# WHAT THE TASK ASKS:
The response must consist of the lines below from the one with "Após, o presidente" through the one with "Scoop-Neck Midi Dress", exactly as they appear and with both ends kept.
======== RECORDS SUPPLIED
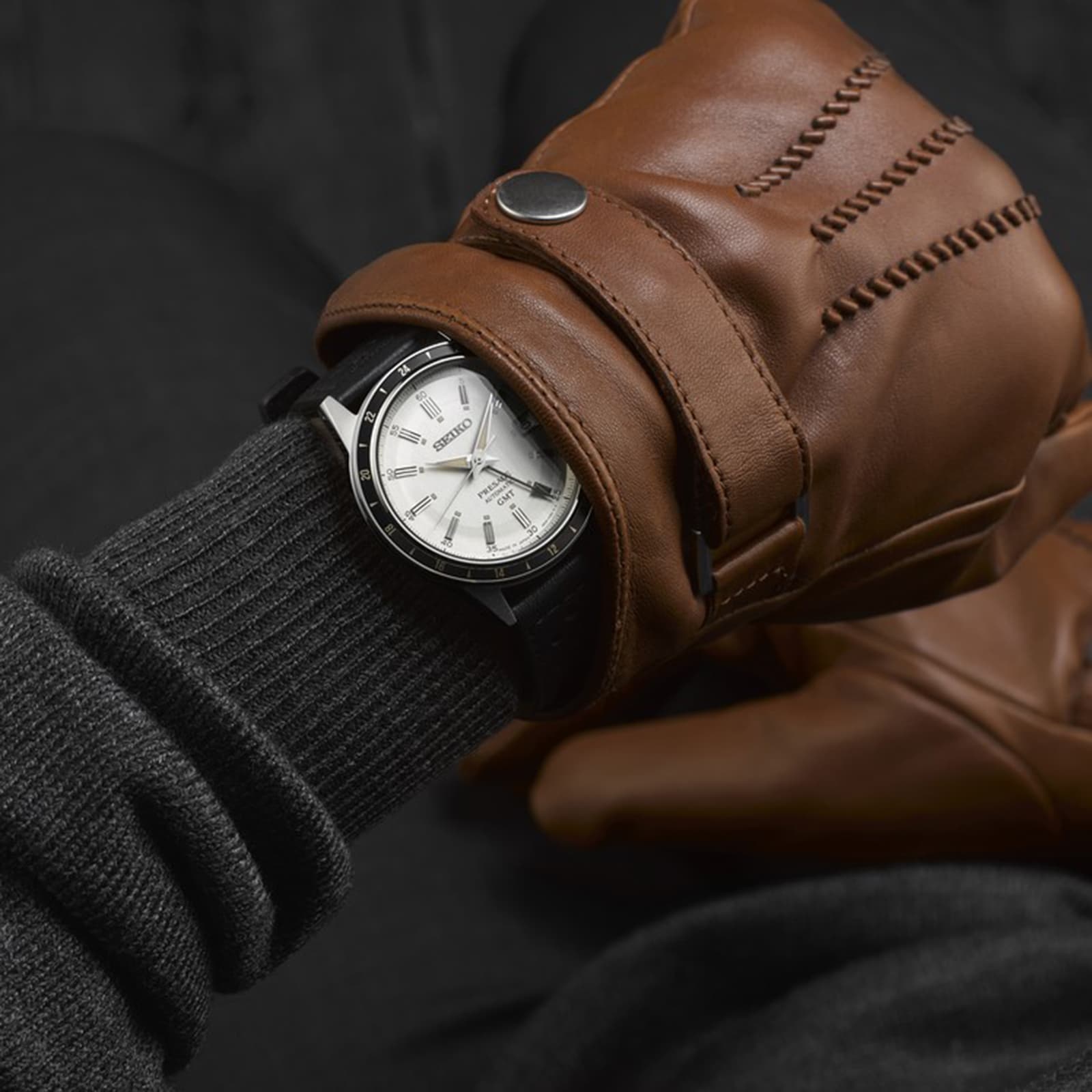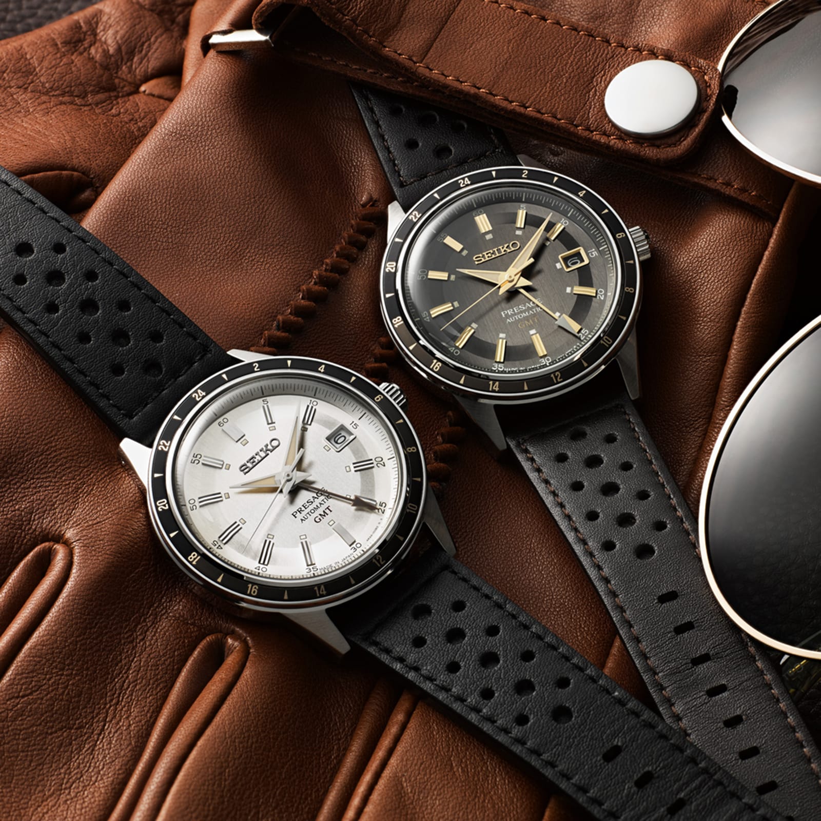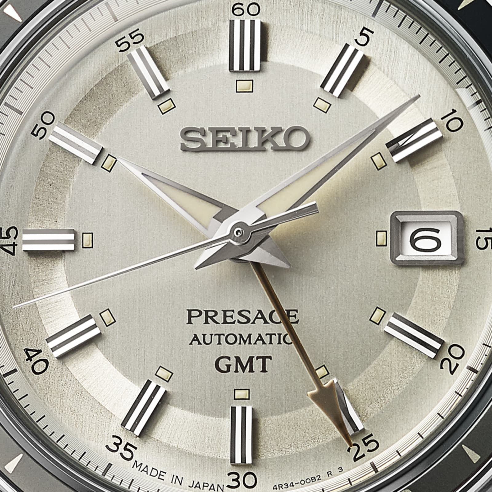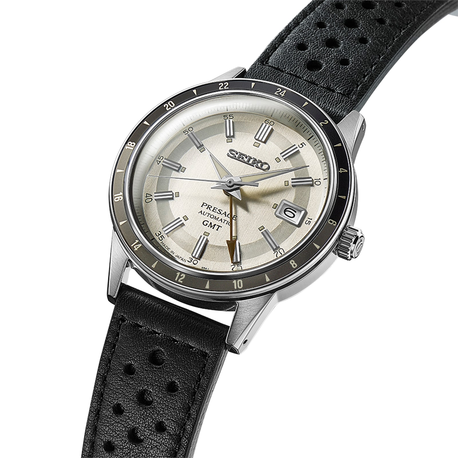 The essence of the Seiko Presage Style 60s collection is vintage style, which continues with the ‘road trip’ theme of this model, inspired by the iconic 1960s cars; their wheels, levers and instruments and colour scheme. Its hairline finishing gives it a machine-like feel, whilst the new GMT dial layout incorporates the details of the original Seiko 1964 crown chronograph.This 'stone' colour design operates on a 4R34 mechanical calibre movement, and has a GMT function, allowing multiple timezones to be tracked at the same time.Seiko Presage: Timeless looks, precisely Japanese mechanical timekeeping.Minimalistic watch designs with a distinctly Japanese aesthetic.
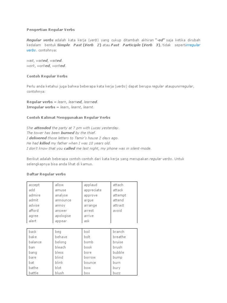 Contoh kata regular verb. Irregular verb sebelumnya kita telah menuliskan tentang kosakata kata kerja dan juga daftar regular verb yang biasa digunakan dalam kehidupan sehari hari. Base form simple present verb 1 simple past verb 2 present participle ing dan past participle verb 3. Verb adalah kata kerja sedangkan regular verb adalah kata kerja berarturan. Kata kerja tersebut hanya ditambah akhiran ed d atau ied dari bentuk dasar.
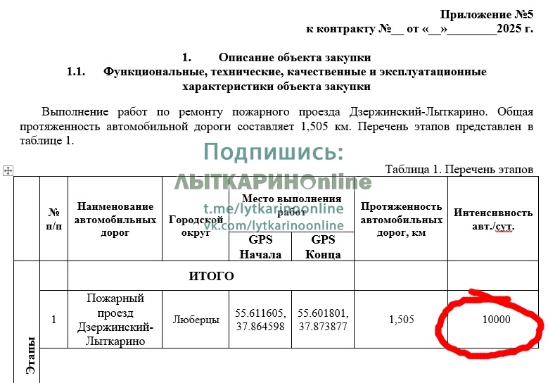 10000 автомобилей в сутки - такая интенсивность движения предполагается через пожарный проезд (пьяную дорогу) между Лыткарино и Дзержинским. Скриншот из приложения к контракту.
================
======== RECORDS SUPPLIED
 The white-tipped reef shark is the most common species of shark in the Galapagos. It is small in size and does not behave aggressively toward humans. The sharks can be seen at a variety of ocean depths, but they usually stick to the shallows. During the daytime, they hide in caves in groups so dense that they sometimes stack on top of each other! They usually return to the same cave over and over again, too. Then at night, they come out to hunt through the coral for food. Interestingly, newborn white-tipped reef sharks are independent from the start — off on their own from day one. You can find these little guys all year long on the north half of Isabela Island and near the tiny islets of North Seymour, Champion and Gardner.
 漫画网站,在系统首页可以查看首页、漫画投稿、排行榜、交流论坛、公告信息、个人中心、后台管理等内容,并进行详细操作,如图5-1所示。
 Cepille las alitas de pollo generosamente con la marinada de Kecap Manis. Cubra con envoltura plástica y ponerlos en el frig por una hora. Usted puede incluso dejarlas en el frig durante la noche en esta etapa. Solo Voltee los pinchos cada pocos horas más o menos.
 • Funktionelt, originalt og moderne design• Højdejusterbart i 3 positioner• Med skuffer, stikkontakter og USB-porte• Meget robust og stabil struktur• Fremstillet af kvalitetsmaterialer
================
======== RECORDS SUPPLIED
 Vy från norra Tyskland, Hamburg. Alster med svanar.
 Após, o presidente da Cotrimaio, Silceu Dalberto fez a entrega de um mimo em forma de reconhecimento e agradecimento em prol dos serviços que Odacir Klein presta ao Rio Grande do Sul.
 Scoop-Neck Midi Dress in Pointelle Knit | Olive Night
================
# TASK SOLUTION:
 Após, o presidente da Cotrimaio, Silceu Dalberto fez a entrega de um mimo em forma de reconhecimento e agradecimento em prol dos serviços que Odacir Klein presta ao Rio Grande do Sul.
 Scoop-Neck Midi Dress in Pointelle Knit | Olive Night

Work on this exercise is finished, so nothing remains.